5.3. Introduction to Feature Formats

5.3.1. What is a Feature?

A feature is a region of interest in a molecular sequence. Features include things like restriction enzyme cut sites, protein secondary structure prediction states, exon positions, regions of motif matches etc.

A vast number of programs generate features in one form or another, leading to a huge number of file formats used for features. The output types range from graphical displays of where restriction enzymes cut, to probabilities of the three states of a protein secondary structure prediction along a sequence, to rigidly defined text tables of the start and end positions of predicted exons or motif matches.

5.3.2. Supported Feature Formats

To handle the diversity, EMBOSS, where possible, uses the well defined and flexible feature formats that were developed for the major sequence databases:

  • EMBL, Genbank, DDBJ

  • Swissprot

  • PIR, NBRF

  • GFF GFF3 format

  • GFF2 the older and less strict GFF2 format

The feature formats used by EMBOSS are identical to that used in the sequence database formats of the same name, e.g. EMBL feature format is the same as the (subset of the) EMBL sequence database format. This holds true regardless of whether features are written together with their sequence or in a raw feature table (see below).

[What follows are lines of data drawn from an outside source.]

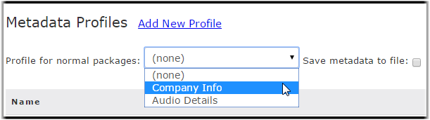 On the Metadata Profiles page, any profiles that you have previously created will be available under the Profile for normal packages drop-down list.
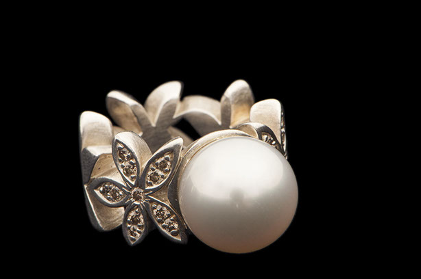 ring, silber 925 mit südseeperle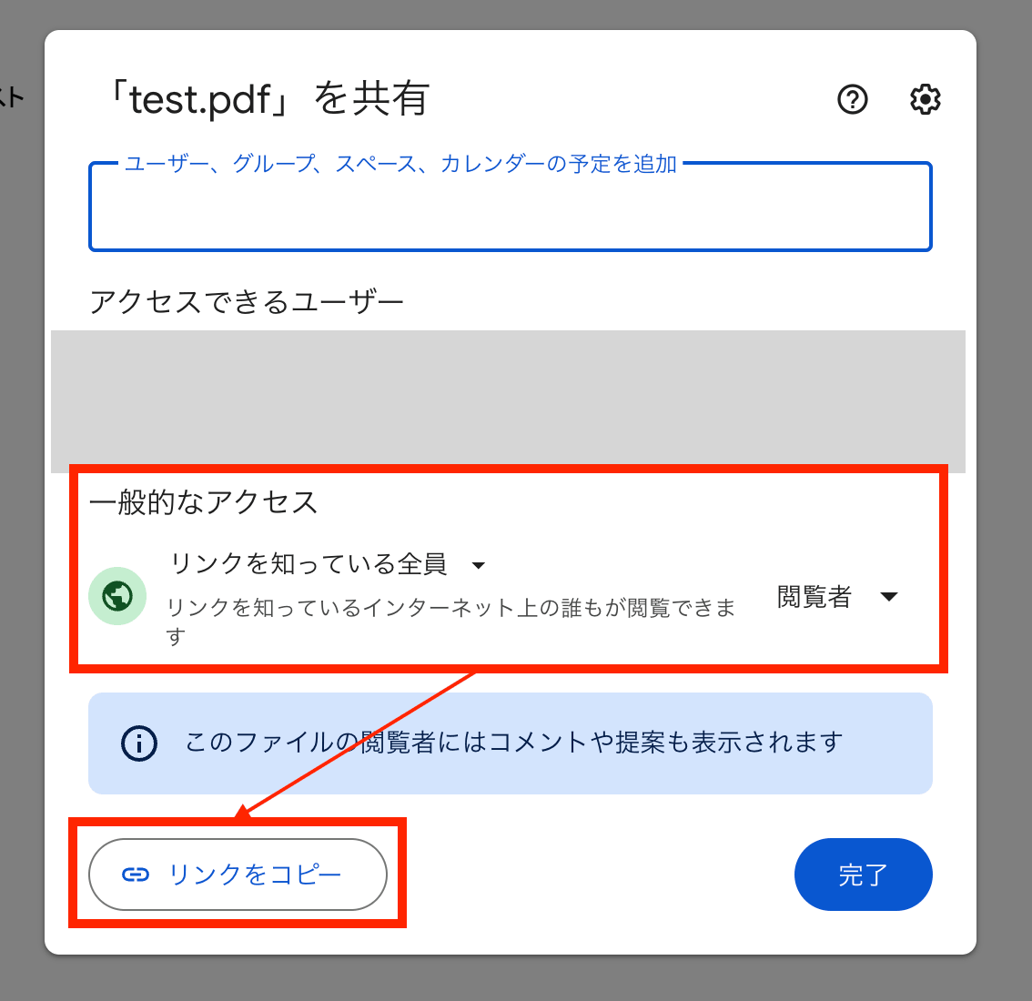 アクセス権限を設定・確認します。その後、「リンクをコピー」クリックします。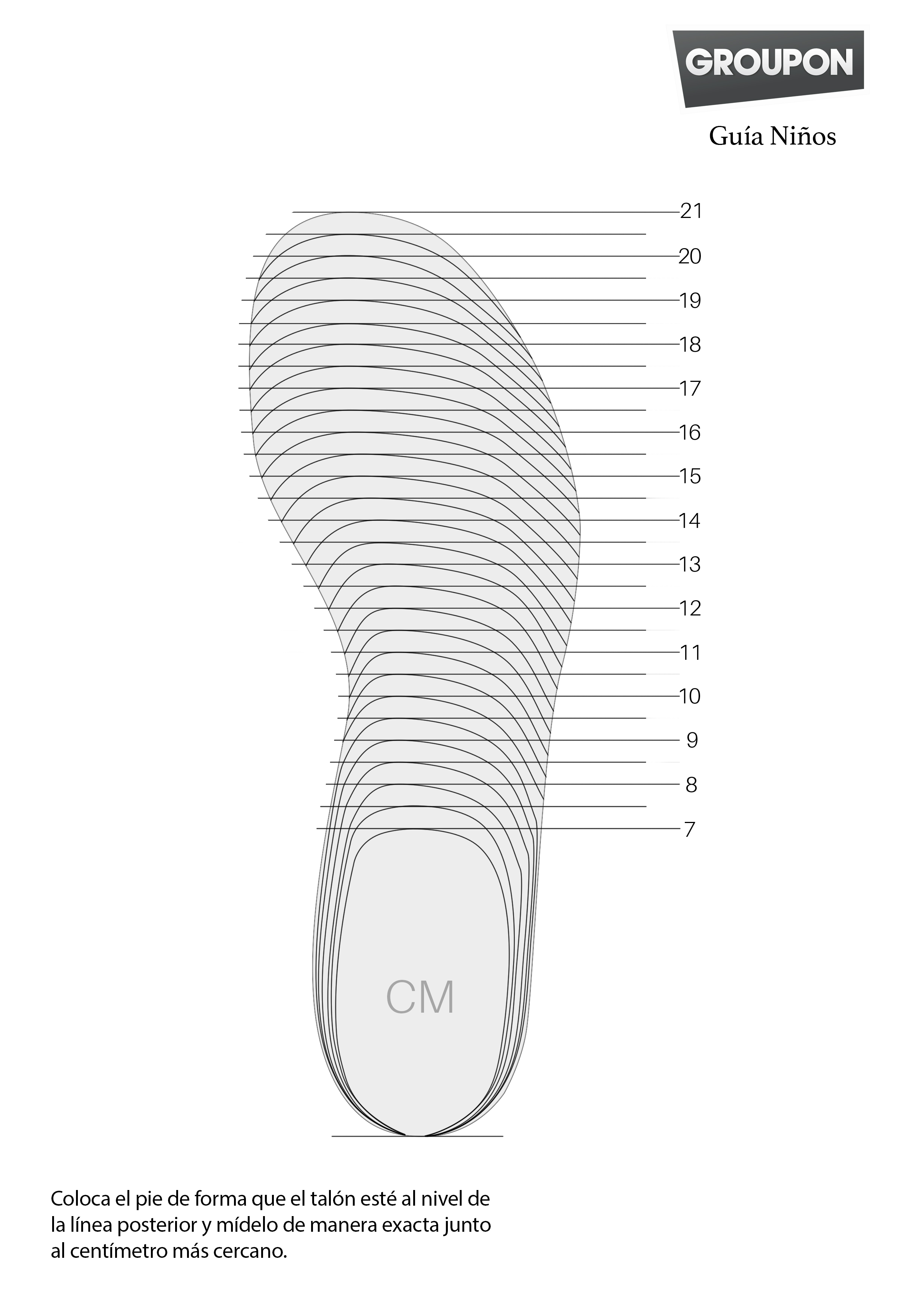 > Imprime nuestra guía adulto o niños Comprueba el tamaño de tu pie colocando el talón contra la pared y midiéndolo desde la pared hasta el dedo gordo. Deberás imprimir la guía en una hoja DIN A4 para asegurar que está en la escala adecuada.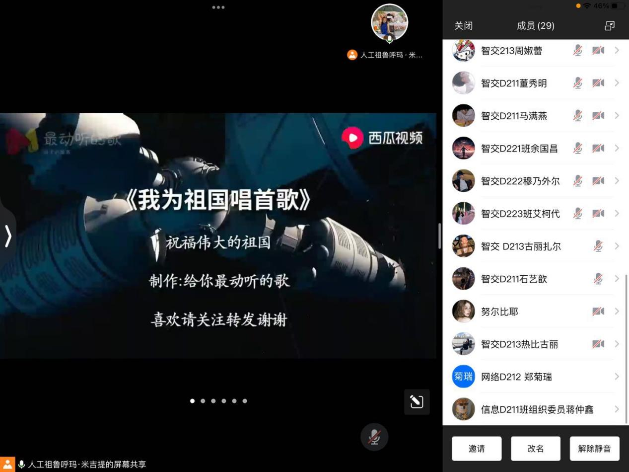 活动伊始,由各班团支书进行爱国歌曲展播,以“一二 • 九”纪念日为契机,广泛发动学生传唱爱国歌曲。随后,由祖鲁呼玛老师组织同学们观看红色纪录片——北平以北。影片以主人公白乙化为代表的一二九学运骨干和以段苏权为代表工农红军,在民族危亡的时刻挺身而出,胸怀民族大义和家国担当,高举青春战旗,深入敌人的心脏虎口拔牙,依据党的建设、武装斗争、统一战线三大法宝,在平北建立基层人民政权、建立抗敌军分区司令部,带领平北人民英勇抗战。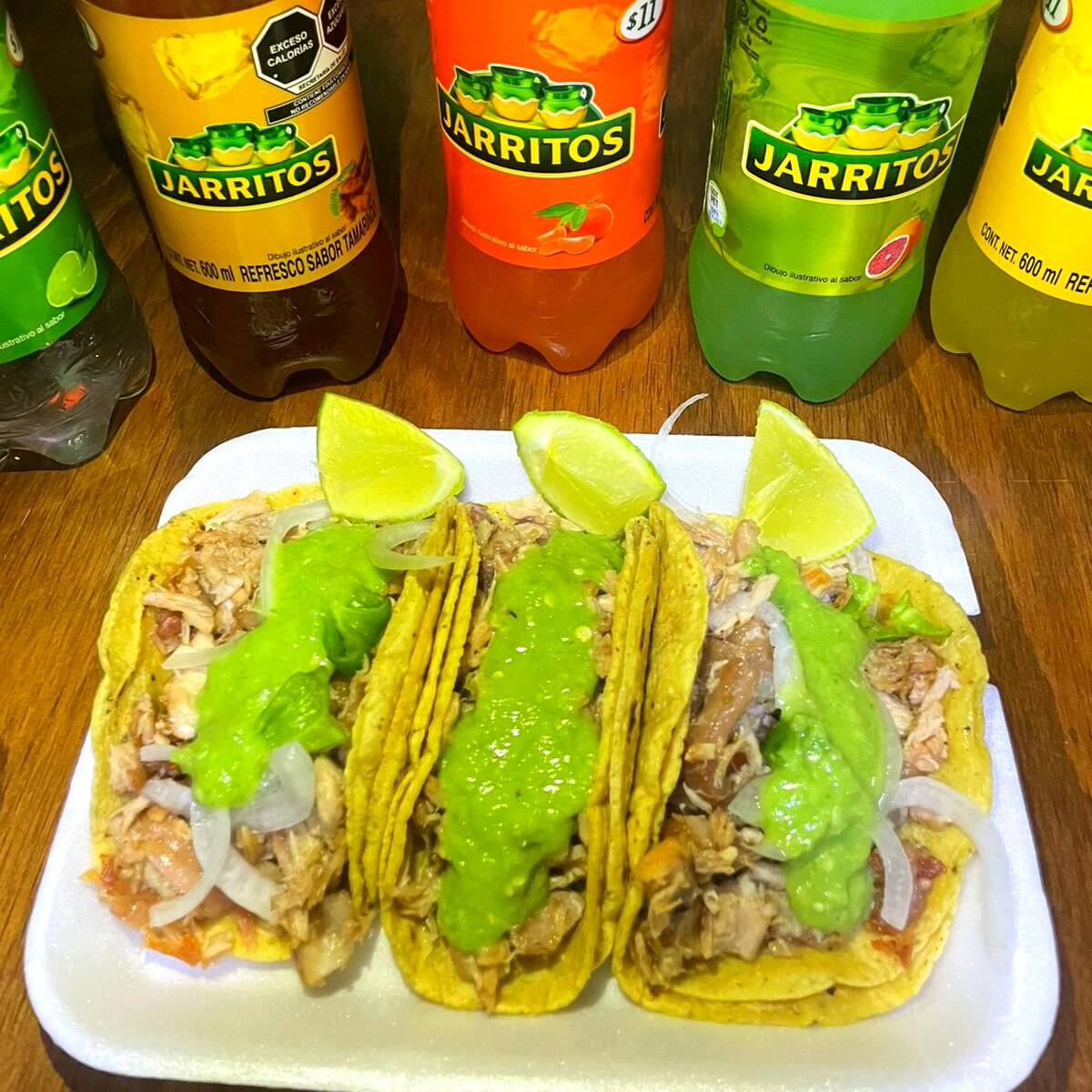 incluy salsa verde, salsa roja, cebolla con habanero, limones y tortillas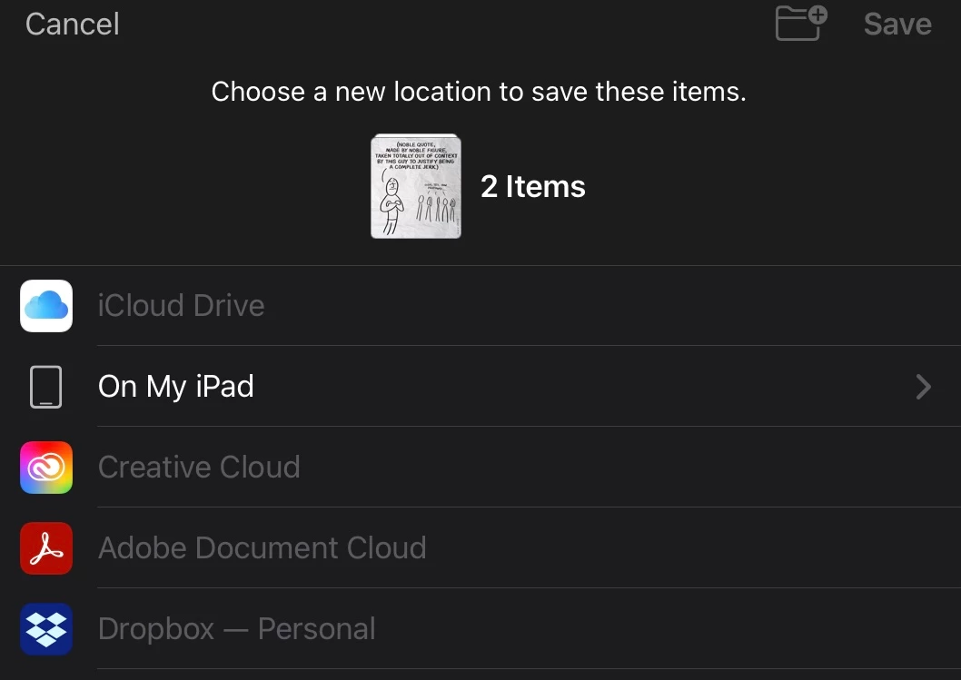 Can't Save Files to iPad Dropbox, Creative Cloud, Others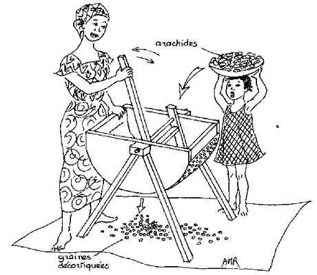· Le décorticage de l'arachide doit précéder le grillage. Il peut s'effectuer à la main. C'est une opération longue et fastidieuse (plus d'une heure par kilo), mais on obtient ainsi des graines bien triées et sans brisures.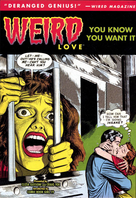 Your Valentine likes it hardcover…here's the must-give book for them (or just get it for your depraved self)! 'Weird Love: All You Need Is Weird Love' collects the first three issues of the so-bad-it's-good comic book that is the buzz of geekdom! Plus a raging bonus showcase of the most bizarre and sexy romance comic book covers! Revealing foreword by Craig Yoe and Clizia Gussoni who 13th Dimension calls, 'The Masters and Johnson of comics!' Fascinating introduction by Comic Book Girl 19. These vintage stories will blow your mind: 'I Fell for a Commie!', 'Love of a Lunatic!', 'Yes, I was an Escort Girl!', 'Love, Honor and Swing, Baby!', Gangster's Girl', 'Too Fat to Frug!'…and MORE!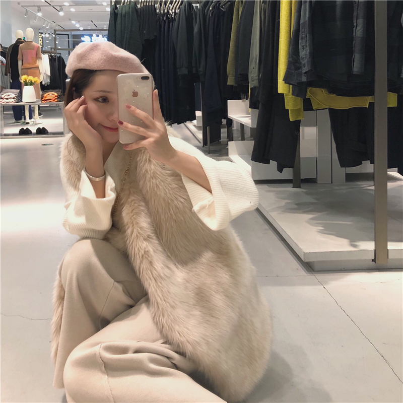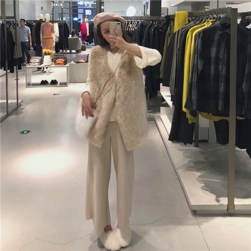 女神套裝秋冬皮草仿水貂絨毛毛馬夾+V領長袖毛衣+寬松毛呢闊腿褲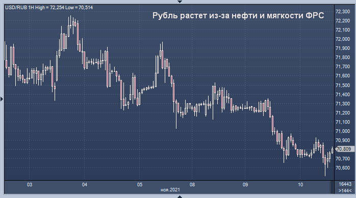 Рубль укрепляется четвертый день подряд, так как нефть марки Brent торгуется выше 85 долларов за баррель. Доходность эталонных государственных облигаций падала всю неделю в связи с возобновлением аукционов в среду. Рубль + 0,2% до 70,61, самая продолжительная полоса прироста за пять недель.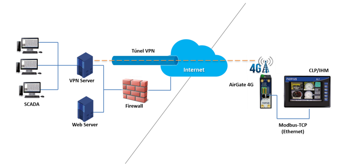 - Acesso Remoto Seguro e Criptografado: A segurança é o pilar. Ambos suportam múltiplos túneis VPN, como OpenVPN, IPsec, GRE e DMVPN. Esta criptografia de ponta a ponta garante que o acesso aos seus sistemas SCADA, CLPs e IHMs seja tão seguro quanto se estivesse no local. O firewall integrado impede acessos não autorizados.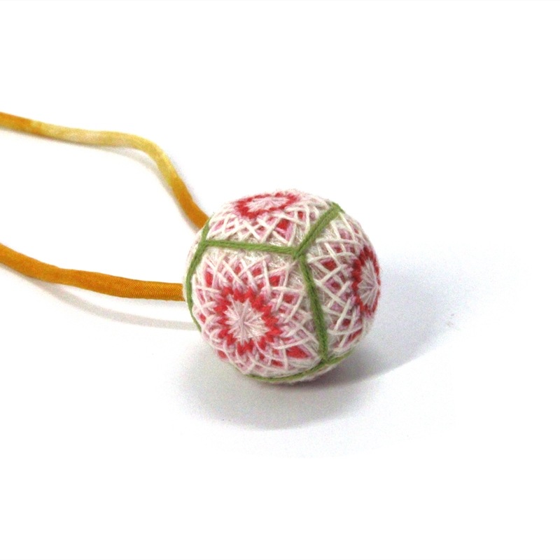 トップ > 伝統工芸 > かがり手まり > 伝統工芸 手作り かがり手まり 【ネックレス】 縁起物 多面十六菊紋 白と鶸萌黄と赤のグラデーション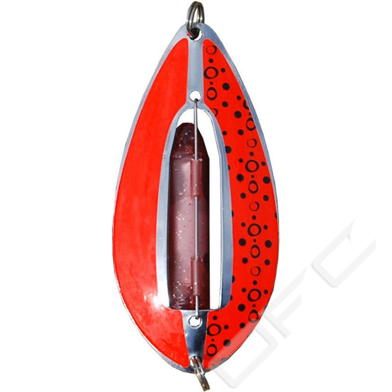 Wiggler Muskus D 9,8cm är en serie blänken med LED-blink som passar utmärkt till röding och öringsfisket. Muskus 9,8cm levereras med en 10cm tafs och krok i storlek #12. Blänken kan med fördel agnas med mask eller maggot!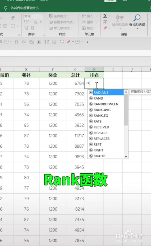 第二步:在这一列的后一个单位格输入“Rank”函数,然后第一个数据为本身想要比力的数据。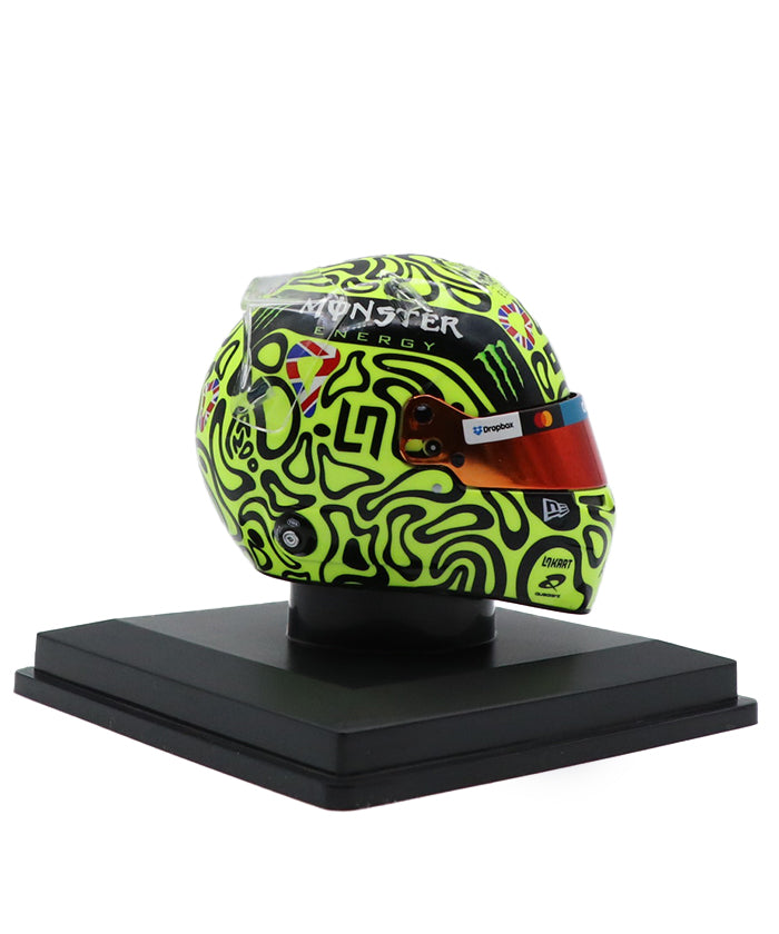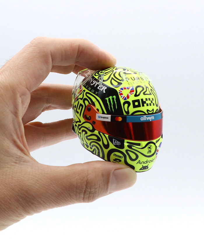 2025年イギリスGPでは、ノリス選手は母国の期待を背負い、序盤から積極的なオーバーテイクを見せるなど注目の走りを披露。ファンを沸かせる迫力のパフォーマンスでマクラーレンにポイントをもたらし、その象徴としてデザインされたヘルメットは、レースの興奮をそのまま感じられる逸品です。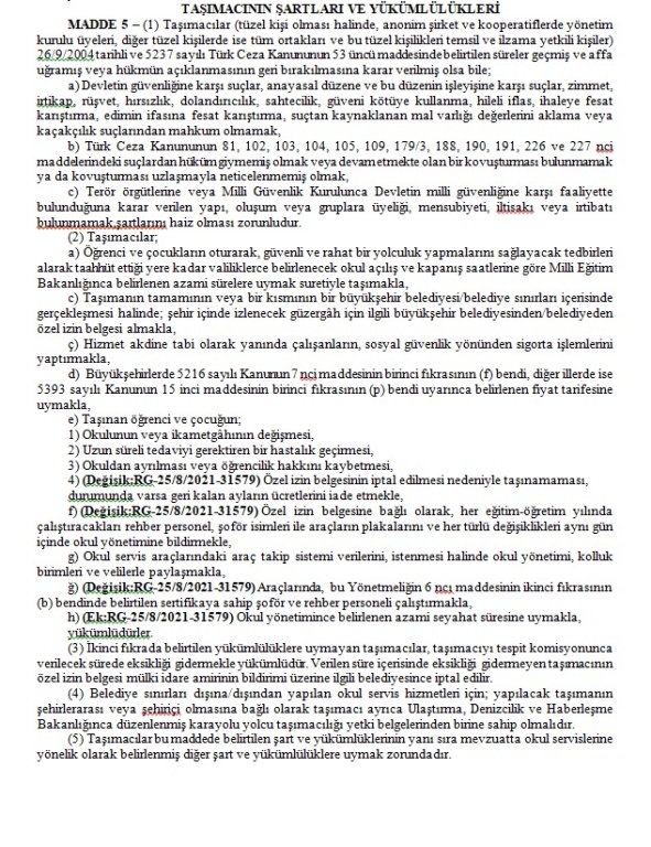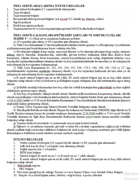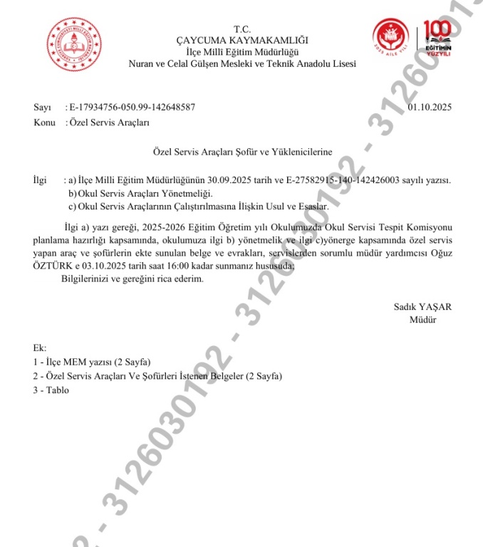 İlçe milli eğitim müdürlüğünün 30.09.2025 tarihli yazısı gereği, özel servis işleten ve okulumuza taşımacılık yapan yüklenici, taşımacı ve şofürlerin yönetmelik gereği taşıma işini yapabilmeleri için gerekli evrak belge ve işlemleri paylaşılan yazılarda belirtilen hususlar çerçevesinde vermeleri gerekmektedir. 03.10.2025 tarihinde kadar açıklamalarda belirtilen evrakları okul idaresine vermenizi rica ederiz.

The support for a set of standard feature formats enables programs to be interoperable; being able to read or write each other's output without the need for file interconversion. As the EMBOSS project matures, the feature formats will become the default way of reporting features. This will also give a consistent look and feel, helping you to compare features in different sequences and from different programs more easily. For descriptions and examples of the supported formats see Section A.2, “Supported Feature Formats”.

The supported feature formats are summarised in the table below. The columns are as follows: Output format (format name), Nuc ("true" indicates nucleotide sequence data may be represented), Pro ("true" indicates protein sequence data may be represented) and Description (short description of the format).

Table 5.3. Input feature formats
Output FormatNucProDescription
emblYesNoembl/genbank/ddbj format
gff2YesYesGFF version 1 or 2
gff3YesYesGFF version 3
pirNoYesPIR format
swissNoYesSwissProt format
Table 5.4. Output feature formats
Output FormatNucProDescription
dasgffYesYesDAS GFF format
debugYesYesDebugging trace of full internal data content
emblYesNoembl format
genbankYesNogenbank format
gffYesYesGFF version 3
gff2YesYesGFF version 2
pirNoYesPIR format
swissNoYesSwissProt format

5.3.3. How are Features Stored ?

In EMBOSS, a feature is a region of interest in a nucleic or protein sequence and is described by:

  • Name describing the feature

  • Start and end position

  • The sense (in a nucleic sequence)

  • The reading frame (in a translated nucleic sequence)

  • A score

Features may also explicitly or implicitly hold the name of the program or database that they are derived from and various other descriptive data (see the EMBOSS Developers Guide).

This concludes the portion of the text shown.